無謀な試み
「……そんなの、納得いかないっ……!」
そんなケインスとは対称的に、リアナはフェンリルがいなくなったと信じることができなかった。リアナはワナワナと小さく震えながら、拳を固く握りしめる。
「いなくなったって言っても、それは探しても見つからなくなっただけなんでしょ! 誰かが討伐して素材を持って来たのなら分かるけど、どうしてギルドはいなくなったって断言できるのよ!?」
「仰る通り、ギルドに入ってきた情報には討伐されたという情報はなく、あくまでいなくなったという情報のみでした。討伐されたのであれば、討伐した冒険者から素材などを見せてもらえれば証明することが可能です。ですが、いなくなったということを証明することは難しいのです」
「だから、ギルドは状況証拠に頼るしかないのか」
ヒルデの説明からギルドの考えを察したケインスの言葉に、ヒルデが頷く。
「その通りです。街の周辺を調査してもフェンリルは見つからず、危険と思われた地域で調査員が襲われることもありませんでした。このことから、ギルドはフェンリルがいなくなったと判断したのです」
「安全だと断言することはできんが、逆に危険であるとも言えん。儂らがいつまでも見えない恐怖に縛られていては、ギルドや街の運営など簡単に停止してしまう」
「確かにな……」
「…………」
ヒルデとグランからギルド側の考えを聞いて、ケインスは納得し、リアナは少し俯きがちになって押し黙る。
だが、突然何かに気付いたかのようにリアナはガバッと顔を上げる。
「そうだ! そのフェンリルがいなくなったっていう情報を持ってきたのは誰なの!?」
フェンリルを見たという証言も、フェンリルがいなくなったという証言も、ギルドは誰かから聞いたに過ぎない。そのため、一番詳しく知っているのはその情報をもたらした人物ということになる。リアナはその人物に詳細を聞けば、何か分かるのではないかと考えたらしい。
「申し訳ありませんが、それについては私の方から答えることができません」
「なっ、何で!」
「許可もなくギルドが特定の方の情報を簡単に開示してしまっては、ギルドの信用にかかわるためです」
ギルドは依頼の場合を除き、依頼主や冒険者に関する情報を一切公開しない。個人の情報が知られてしまうと、それを利用した犯罪行為へと繋がりかねないためである。

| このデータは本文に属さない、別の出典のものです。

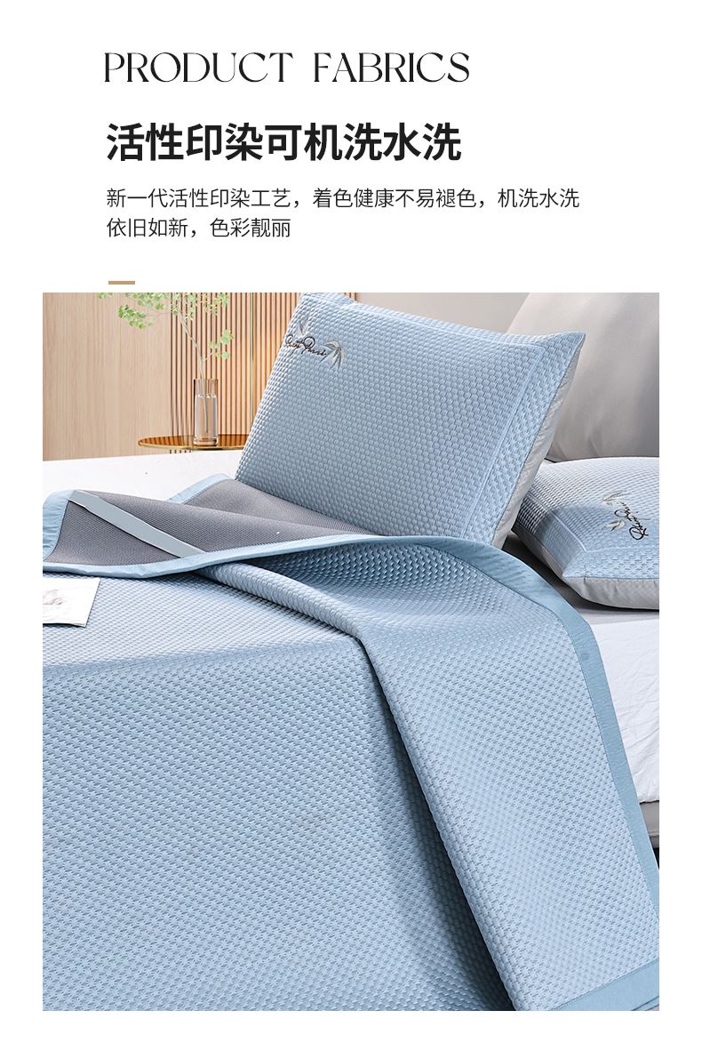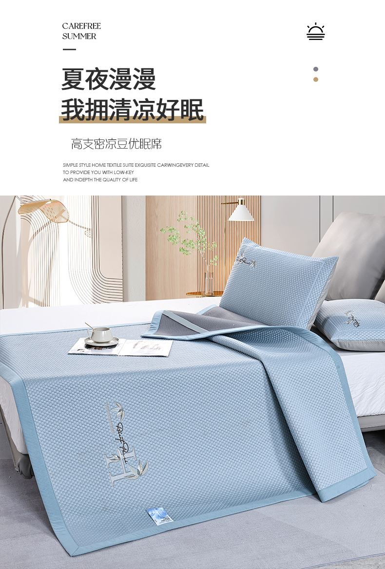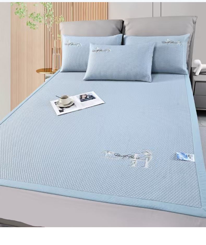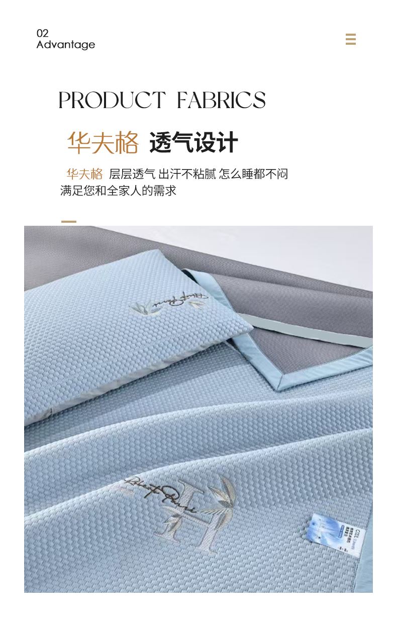 规格:180*200cm 枕套:48*74cm*2 面料:凉豆豆 复合料:华夫格 执行标准:Q/TXY01-2016 安全类别:GB18401-2010 B类 1.凉感豆按摩颗粒,微微凸起,QQ弹,让身体和席面预留更多,自由呼吸的空间 并且软到措手不及。黑科技凉感丝降温纤维、清凉透气,体感降温,杜绝出汗,无惧机洗,高密织,水洗不易变形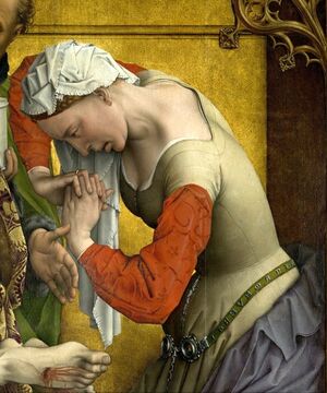 Detail of Mary Magdalene weeping at the crucifixion of Jesus, as portrayed in The Descent from the Cross (1435ح. 1435) by the Flemish artist Rogier van der Weyden[24]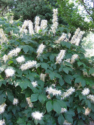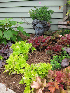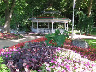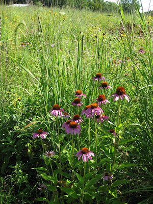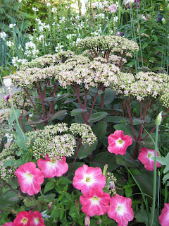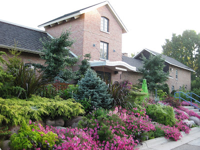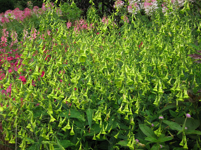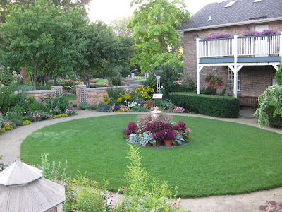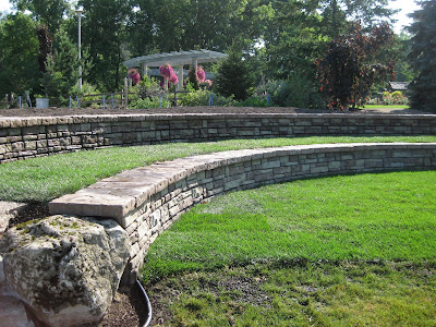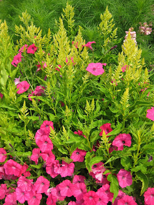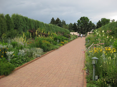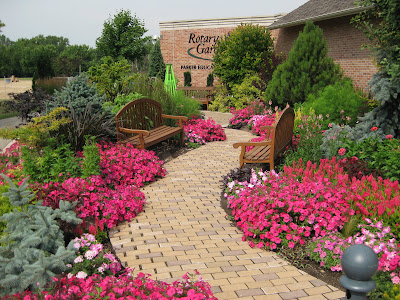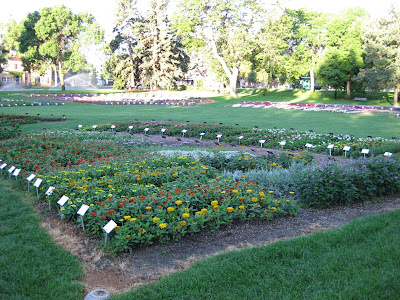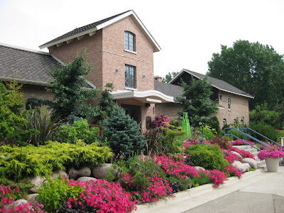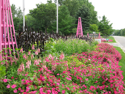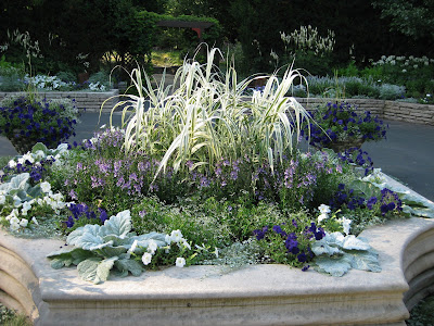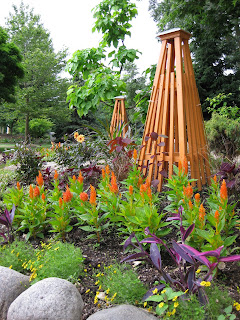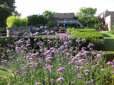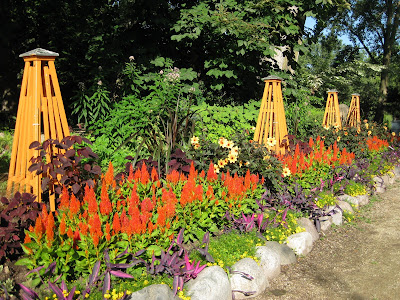 Looks like a doozy of a storm system is heading our way. We had another .5" of precipitation last night in the form of a heavy downpour. This is one of the first days we've had all summer where we didn't water anything. Tomorrow is our 17th Annual Home Garden Tour that features eight area home gardens and we've never had rain for this event. The forecast calls for scattered rain but I hope it waits until the end of the event at 4 pm. Nice shot above of our formal annual sections. Marv and Terry do an awesome job shearing our boxwood hedges (twice per year) and this garden is filling in nicely. We've had some criticism regarding the bright blue obelisks but it's safe to say that they wont go with being un-noticed! Below are some of our seasonal berms starting to peak. We had Susan from Ball Horticultural Company (West Chicago, IL) come out to visit today and she looked at much of their plant material in this very space. Nice visit.

今回の場合、リアナがフェンリルの情報をもたらした人物が誰かを知りたい理由は、フェンリルの事について詳しく聞きたいからであり、その人物を傷つけようなどとは微塵も思っていない。
だが、ギルド側からすれば、リアナが犯罪行為を絶対にしないと信用することはできないのだ。
「私は末端のギルド職員ですので、私個人の勝手な考えでギルドの方針を変えるわけにはいきません」
「それならギルド長に直接交渉するわ! ここのギルド長に会わせて!」
末端の職員で駄目なら、ギルドで一番偉いギルド長から許可を得ればいい。それに、ギルド長であれば、その権限で何とかしてくれるかもしれない。
そう考えたリアナがヒルデにギルド長の所在を確認すると、ヒルデは自分の真横にいる人物を横目で見る。
「それなら私の隣に――」
「ギルド長は儂だが……」
「へ?」
思わぬところにギルド長がいたことに、リアナは目を丸くする。
しかし、驚くのも無理はない。ギルド長というのはギルドで偉い存在であり、この様にカウンターで業務をする立場ではないのだ。
「あ、あなたがギルド長? 全然そうは見えなかったんだけど……ていうか、何でこんな場所にいるの?」
「……なぁヒルデよ、儂はそんなにギルド長らしくないのか?」
「どうでしょう? ご自分でご判断なさってください」
「…………」
ヒルデに素っ気なく返され、グランがカウンターの上に突っ伏す。もはやそこにギルド長の威厳など――元からあったかどうかは疑問だが――感じられない。
「ま、まぁ、あなたがギルド長なら話は早いわ。さっきの話を聞いてたでしょう? フェンリルがいなくなったっていう情報はどこから来たの?」
「……ヒルデが言っていた通りだ。ギルドは個人の情報を開示することはしていない」
机に突っ伏した状態のグランから、くぐもった声が聞こえてくる。
それを聞いてリアナはまたしても大声で抗議しそうになるが、何とか堪えて情報を引き出そうと試みる。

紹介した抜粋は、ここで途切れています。